DATA FOR ANALYSIS:
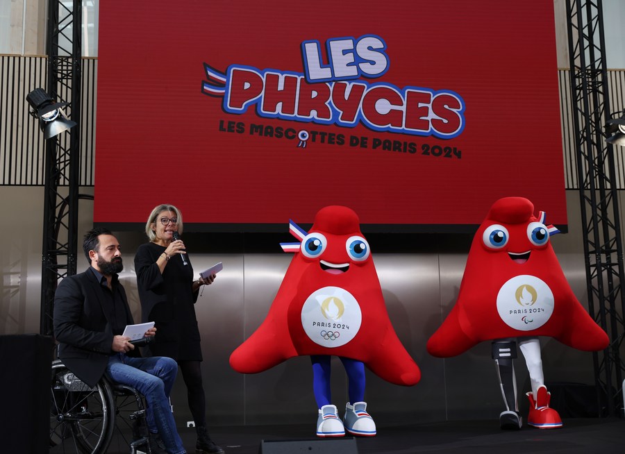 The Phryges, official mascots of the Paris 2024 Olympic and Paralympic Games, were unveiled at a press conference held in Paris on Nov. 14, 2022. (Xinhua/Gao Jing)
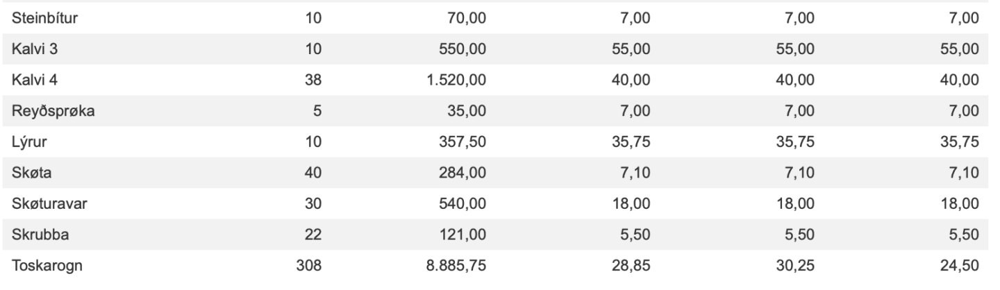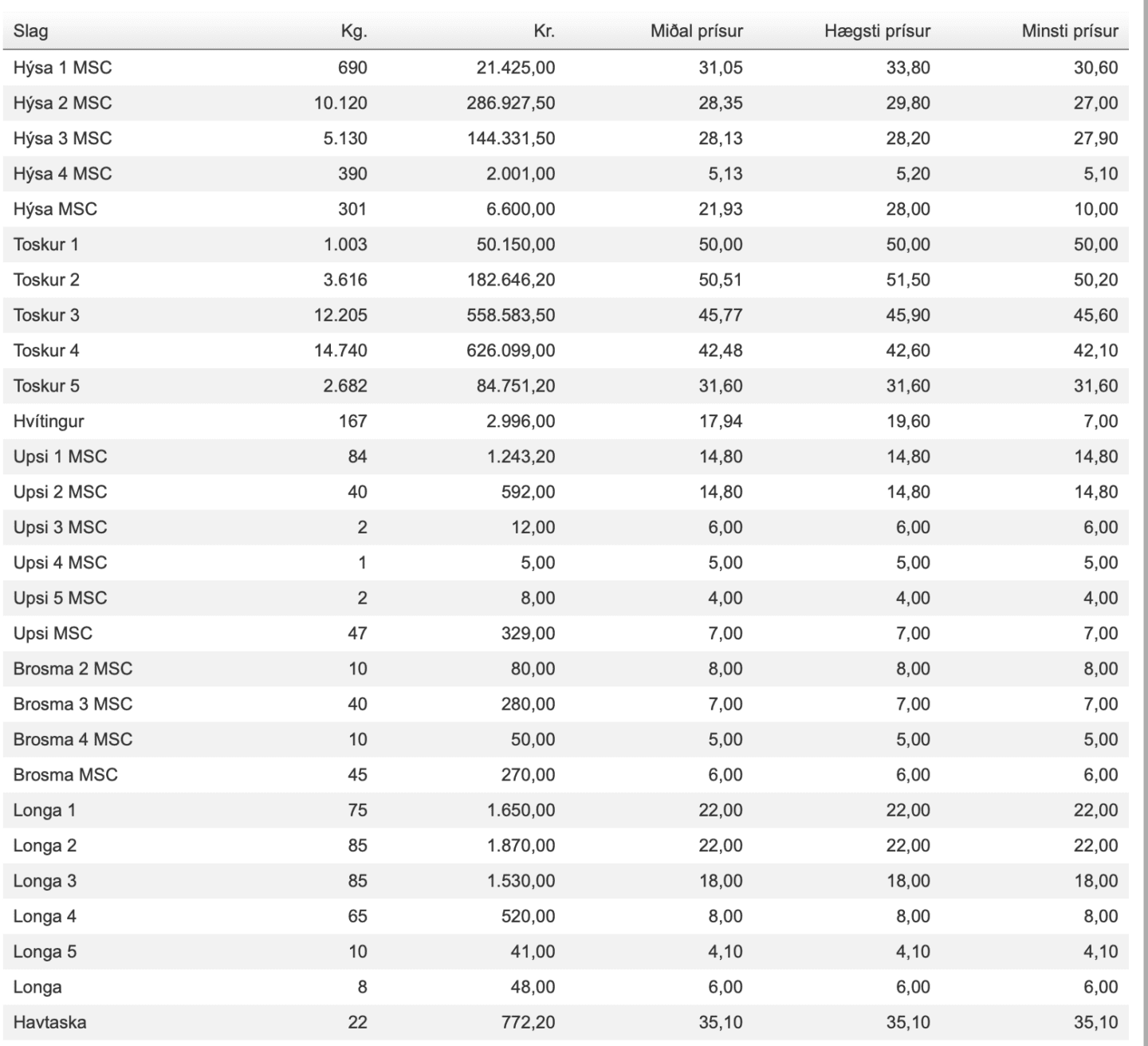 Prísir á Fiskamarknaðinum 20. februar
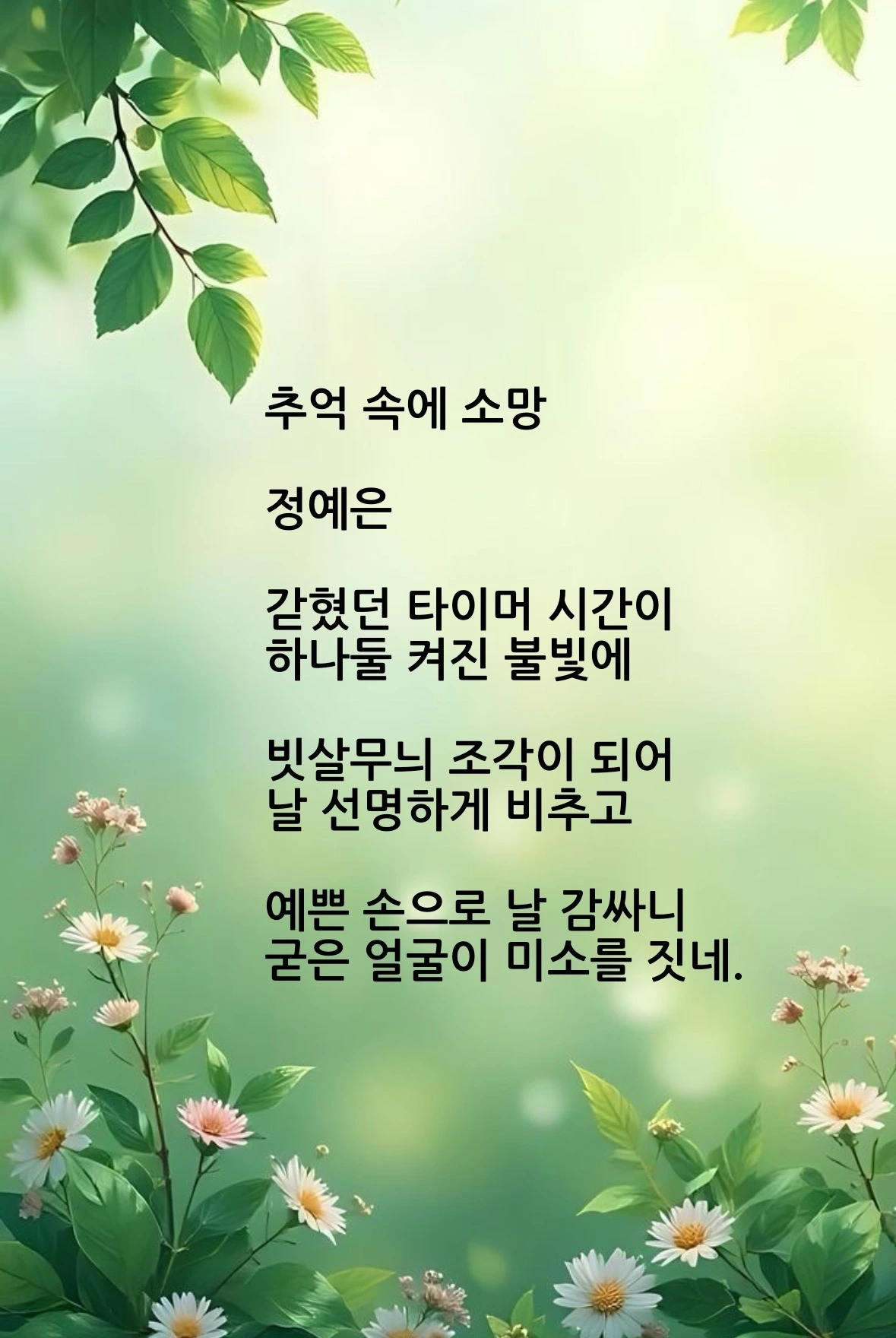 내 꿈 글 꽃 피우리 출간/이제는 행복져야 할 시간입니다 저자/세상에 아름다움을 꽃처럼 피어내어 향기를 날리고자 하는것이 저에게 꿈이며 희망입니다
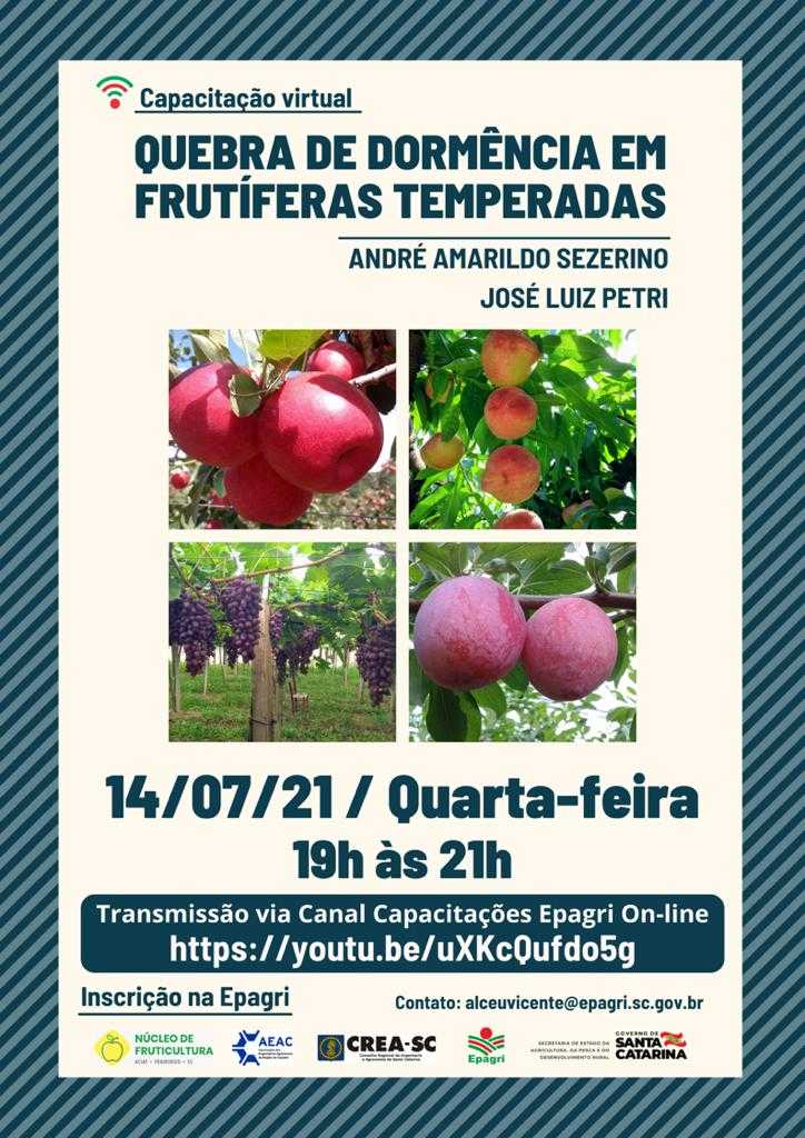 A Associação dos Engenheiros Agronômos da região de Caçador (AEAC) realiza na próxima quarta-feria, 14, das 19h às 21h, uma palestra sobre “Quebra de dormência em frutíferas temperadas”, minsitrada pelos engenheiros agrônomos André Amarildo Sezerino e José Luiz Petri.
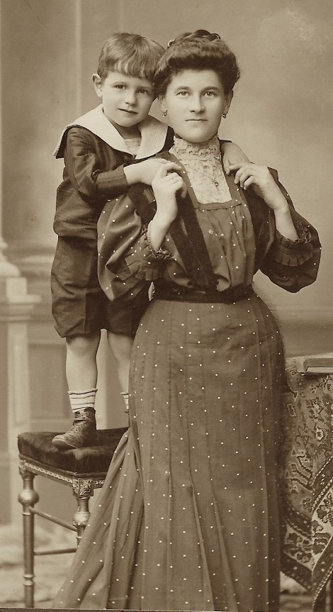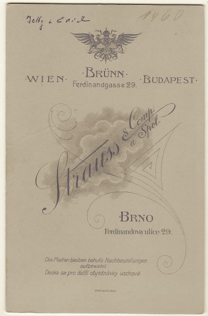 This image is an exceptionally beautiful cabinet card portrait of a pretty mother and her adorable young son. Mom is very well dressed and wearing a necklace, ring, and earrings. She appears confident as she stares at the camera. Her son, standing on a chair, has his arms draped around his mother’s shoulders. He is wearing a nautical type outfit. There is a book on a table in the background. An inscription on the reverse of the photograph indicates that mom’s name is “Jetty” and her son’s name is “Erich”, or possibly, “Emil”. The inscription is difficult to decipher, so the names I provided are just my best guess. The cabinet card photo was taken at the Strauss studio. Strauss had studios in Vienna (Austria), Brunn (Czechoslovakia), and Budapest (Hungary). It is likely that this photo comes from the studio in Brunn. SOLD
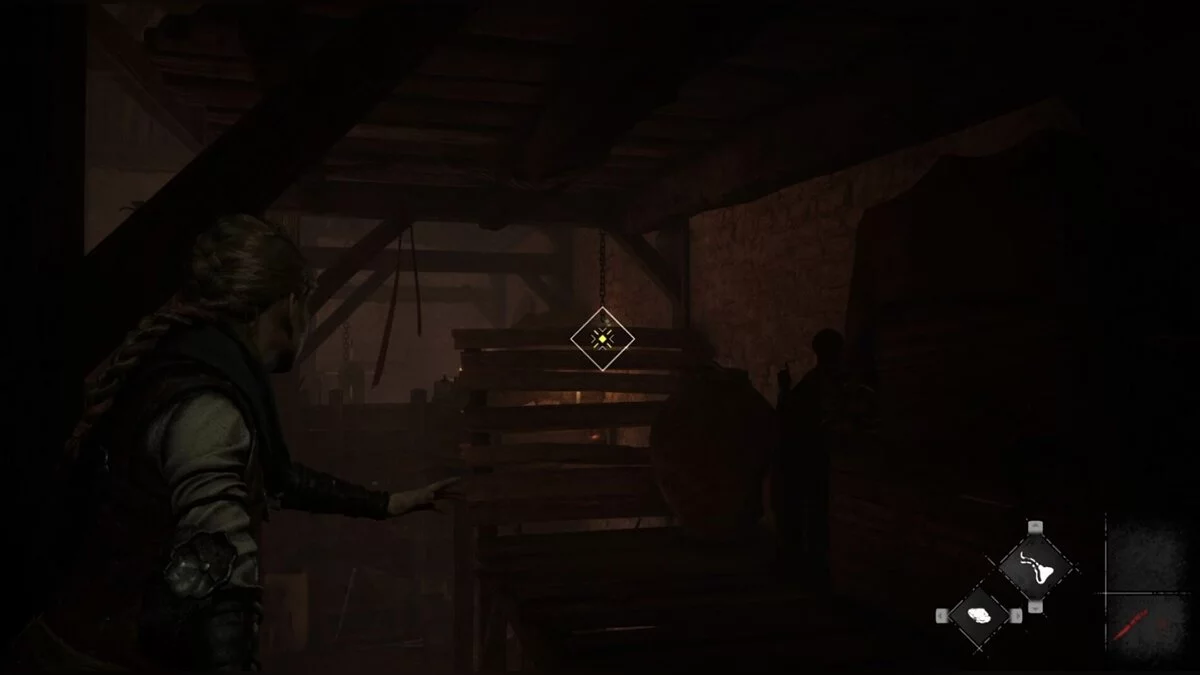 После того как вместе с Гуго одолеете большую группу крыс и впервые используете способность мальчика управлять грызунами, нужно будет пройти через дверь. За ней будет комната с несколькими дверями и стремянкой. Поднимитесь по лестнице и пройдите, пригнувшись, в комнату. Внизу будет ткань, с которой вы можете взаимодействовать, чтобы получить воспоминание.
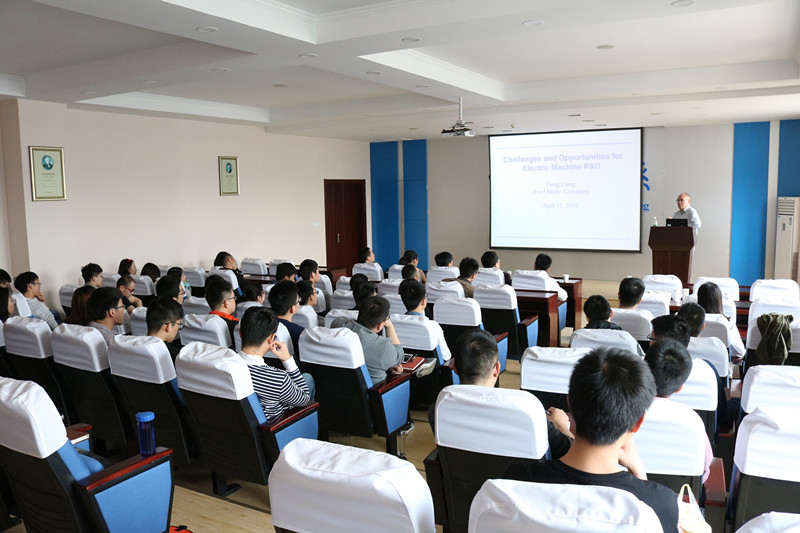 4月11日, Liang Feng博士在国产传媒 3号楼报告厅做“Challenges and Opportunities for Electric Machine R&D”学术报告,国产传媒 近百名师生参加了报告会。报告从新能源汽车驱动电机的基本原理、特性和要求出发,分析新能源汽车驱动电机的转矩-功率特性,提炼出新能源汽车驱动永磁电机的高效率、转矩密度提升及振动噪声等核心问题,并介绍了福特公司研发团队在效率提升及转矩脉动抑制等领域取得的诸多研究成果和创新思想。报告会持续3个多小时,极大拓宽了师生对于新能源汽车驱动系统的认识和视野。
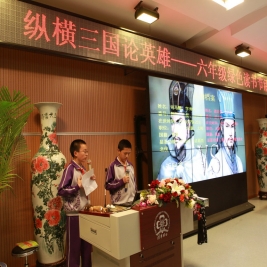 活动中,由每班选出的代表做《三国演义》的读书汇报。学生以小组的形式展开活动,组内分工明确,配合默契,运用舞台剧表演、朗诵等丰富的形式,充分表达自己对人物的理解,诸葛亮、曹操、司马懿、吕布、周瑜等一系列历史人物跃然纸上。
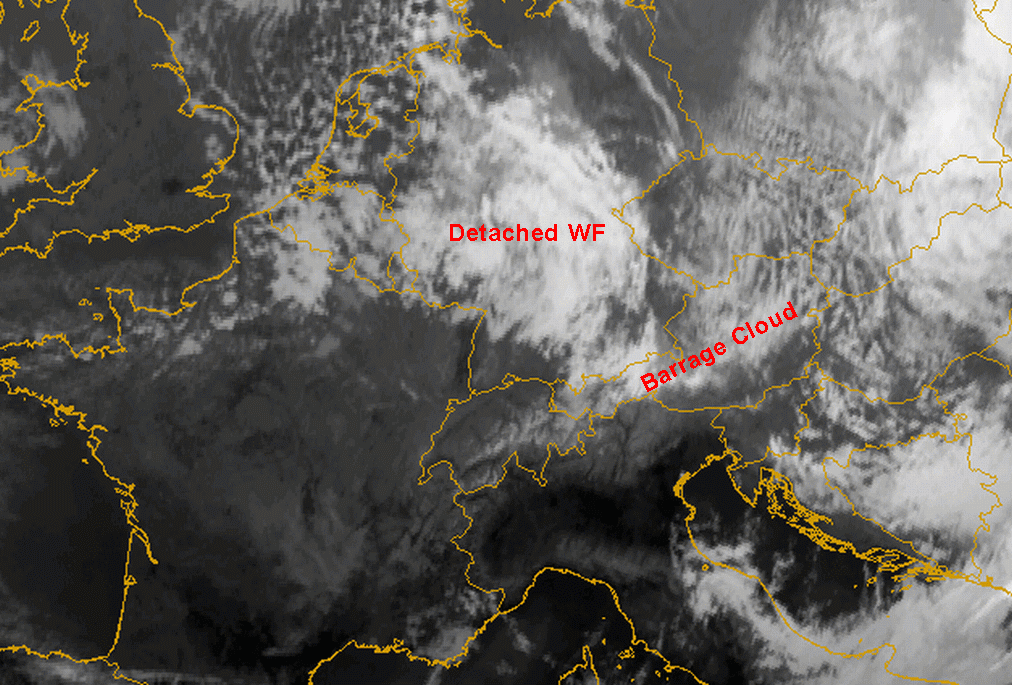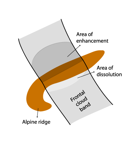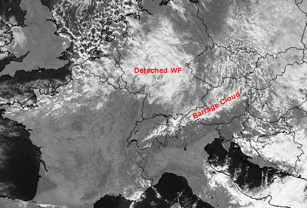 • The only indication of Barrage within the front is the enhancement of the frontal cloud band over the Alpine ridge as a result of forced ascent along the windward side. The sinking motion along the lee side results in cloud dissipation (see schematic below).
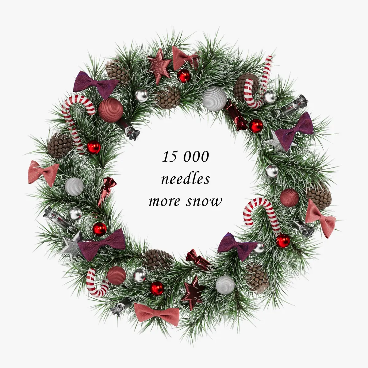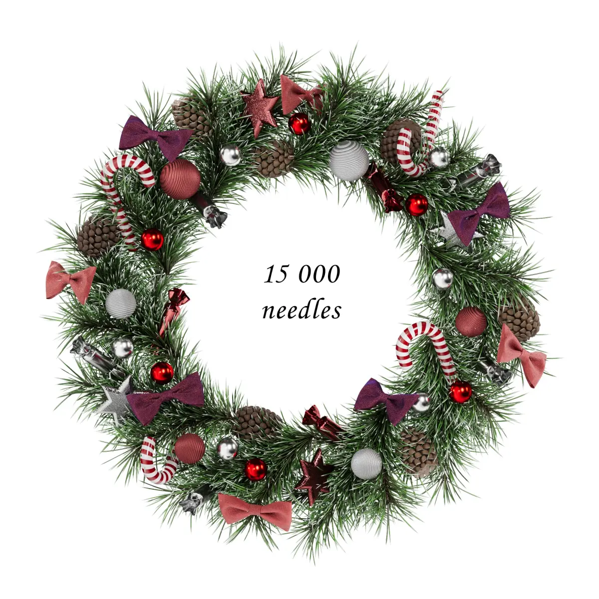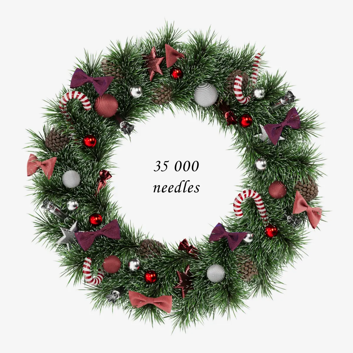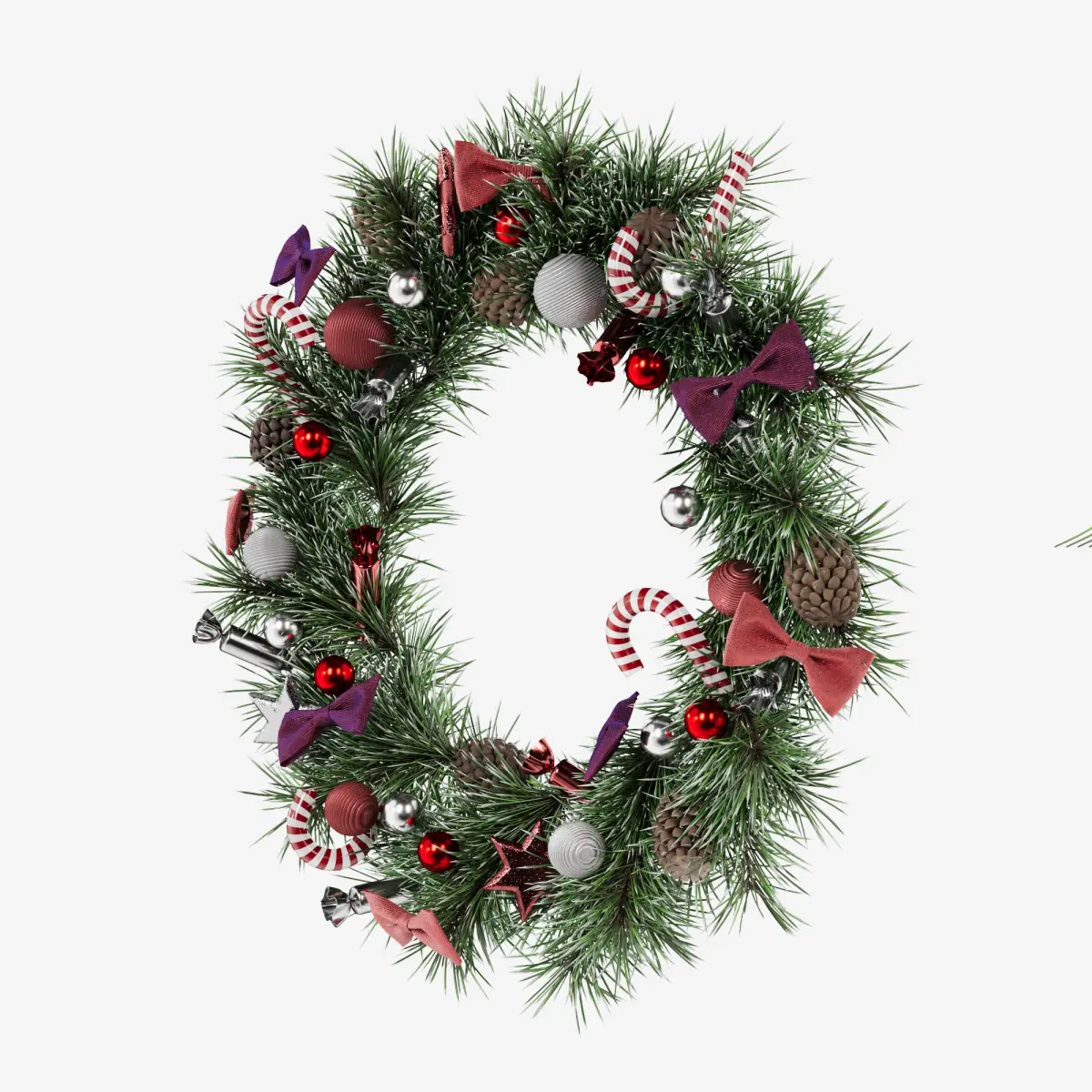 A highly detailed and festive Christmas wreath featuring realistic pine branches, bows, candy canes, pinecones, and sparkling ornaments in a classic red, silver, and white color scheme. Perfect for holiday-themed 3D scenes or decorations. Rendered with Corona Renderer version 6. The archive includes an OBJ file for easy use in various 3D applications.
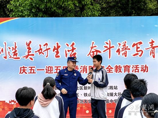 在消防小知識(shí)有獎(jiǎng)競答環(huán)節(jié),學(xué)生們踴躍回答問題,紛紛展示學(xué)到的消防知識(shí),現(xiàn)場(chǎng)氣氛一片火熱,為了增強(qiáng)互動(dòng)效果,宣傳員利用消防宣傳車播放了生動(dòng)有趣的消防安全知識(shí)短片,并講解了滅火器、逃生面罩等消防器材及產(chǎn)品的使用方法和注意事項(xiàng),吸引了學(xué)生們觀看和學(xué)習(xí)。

PROBLEM TO SOLVE: Please give back exactly, and with no pictures, the lines from where the listing above begins through the line containing "내 꿈 글 꽃 피우리".

SOLUTION FOR THIS PROBLEM:
 The Phryges, official mascots of the Paris 2024 Olympic and Paralympic Games, were unveiled at a press conference held in Paris on Nov. 14, 2022. (Xinhua/Gao Jing)
 Prísir á Fiskamarknaðinum 20. februar
 내 꿈 글 꽃 피우리 출간/이제는 행복져야 할 시간입니다 저자/세상에 아름다움을 꽃처럼 피어내어 향기를 날리고자 하는것이 저에게 꿈이며 희망입니다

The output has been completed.